=== EXTRACTED INFORMATION ===
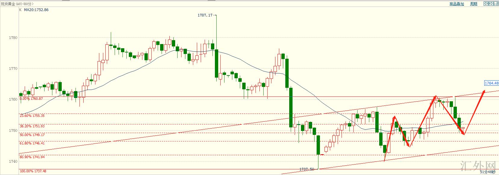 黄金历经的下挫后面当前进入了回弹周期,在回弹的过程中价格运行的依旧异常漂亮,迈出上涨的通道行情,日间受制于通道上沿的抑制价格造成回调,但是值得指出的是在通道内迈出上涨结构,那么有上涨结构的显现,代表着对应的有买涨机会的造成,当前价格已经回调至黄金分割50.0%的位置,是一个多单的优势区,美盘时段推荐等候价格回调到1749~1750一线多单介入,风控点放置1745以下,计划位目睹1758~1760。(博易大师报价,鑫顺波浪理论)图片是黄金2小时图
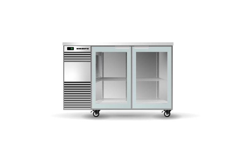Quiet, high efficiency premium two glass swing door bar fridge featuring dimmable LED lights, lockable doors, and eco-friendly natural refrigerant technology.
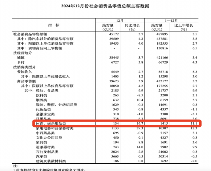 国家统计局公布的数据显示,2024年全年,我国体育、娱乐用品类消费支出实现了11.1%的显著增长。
===
=== EXTRACTED INFORMATION ===
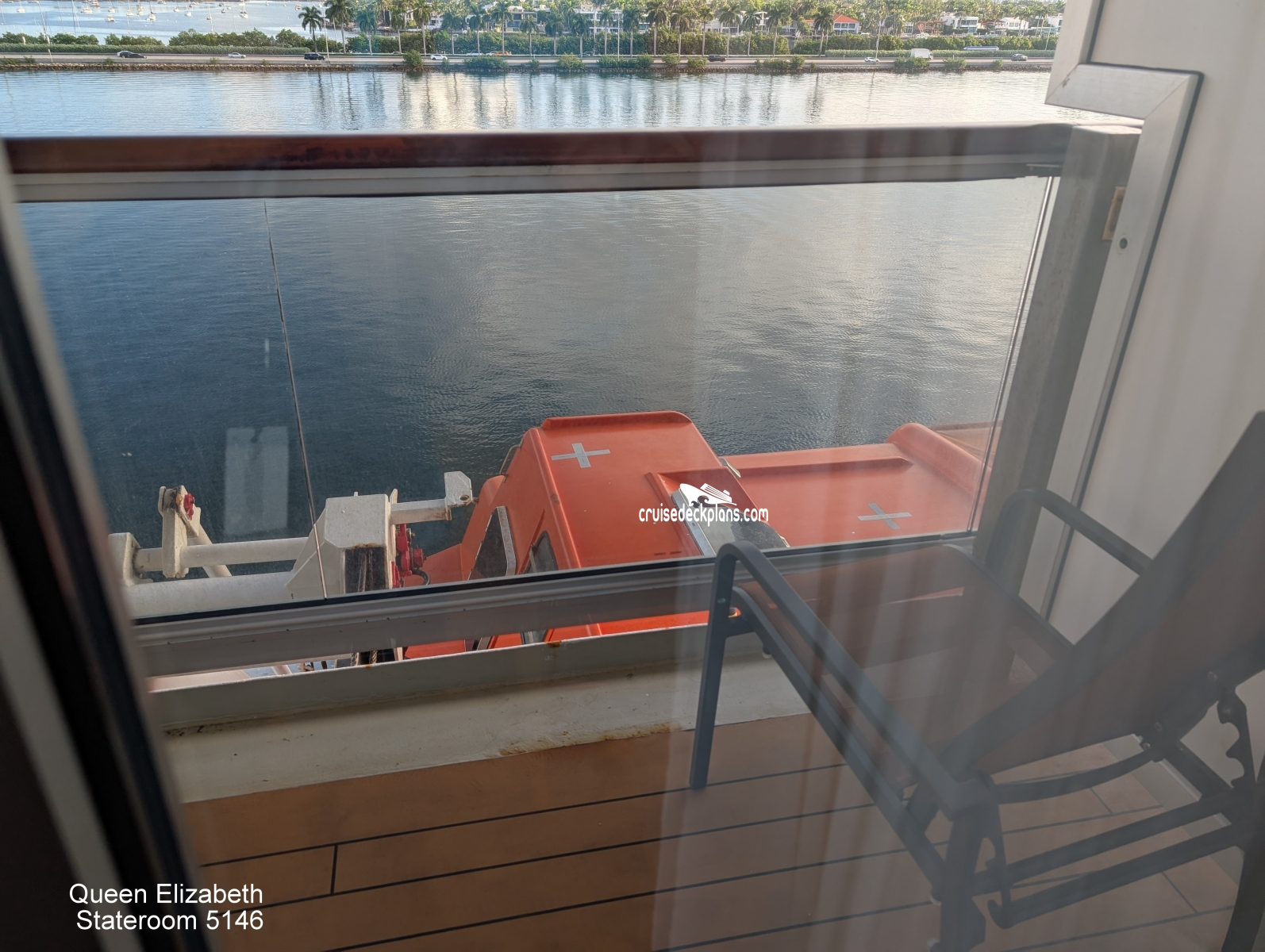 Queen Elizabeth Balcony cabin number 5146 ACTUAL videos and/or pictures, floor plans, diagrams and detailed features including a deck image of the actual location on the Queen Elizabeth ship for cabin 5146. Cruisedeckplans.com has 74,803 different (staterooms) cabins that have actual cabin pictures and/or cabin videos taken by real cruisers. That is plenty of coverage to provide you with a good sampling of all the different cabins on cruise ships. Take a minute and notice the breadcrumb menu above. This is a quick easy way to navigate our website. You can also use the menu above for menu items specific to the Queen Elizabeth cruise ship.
===
=== EXTRACTED INFORMATION ===
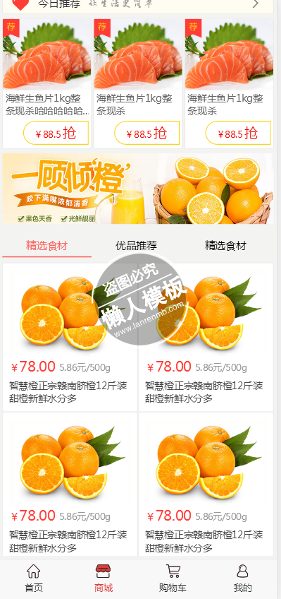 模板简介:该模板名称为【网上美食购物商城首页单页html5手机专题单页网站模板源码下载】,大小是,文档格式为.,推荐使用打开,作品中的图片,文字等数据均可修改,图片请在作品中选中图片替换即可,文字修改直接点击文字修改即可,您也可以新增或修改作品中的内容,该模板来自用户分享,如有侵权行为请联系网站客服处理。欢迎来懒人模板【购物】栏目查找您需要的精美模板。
===
Using the data above, set down each line from the line with "黄金历经的下挫后面当前进入了" to the line with "国家统计局公布的数据显示,2" exactly, both ends included, and leave the pictures behind. Nothing else belongs.

§ YOUR RESPONSE:
 黄金历经的下挫后面当前进入了回弹周期,在回弹的过程中价格运行的依旧异常漂亮,迈出上涨的通道行情,日间受制于通道上沿的抑制价格造成回调,但是值得指出的是在通道内迈出上涨结构,那么有上涨结构的显现,代表着对应的有买涨机会的造成,当前价格已经回调至黄金分割50.0%的位置,是一个多单的优势区,美盘时段推荐等候价格回调到1749~1750一线多单介入,风控点放置1745以下,计划位目睹1758~1760。(博易大师报价,鑫顺波浪理论)图片是黄金2小时图
Quiet, high efficiency premium two glass swing door bar fridge featuring dimmable LED lights, lockable doors, and eco-friendly natural refrigerant technology.
 国家统计局公布的数据显示,2024年全年,我国体育、娱乐用品类消费支出实现了11.1%的显著增长。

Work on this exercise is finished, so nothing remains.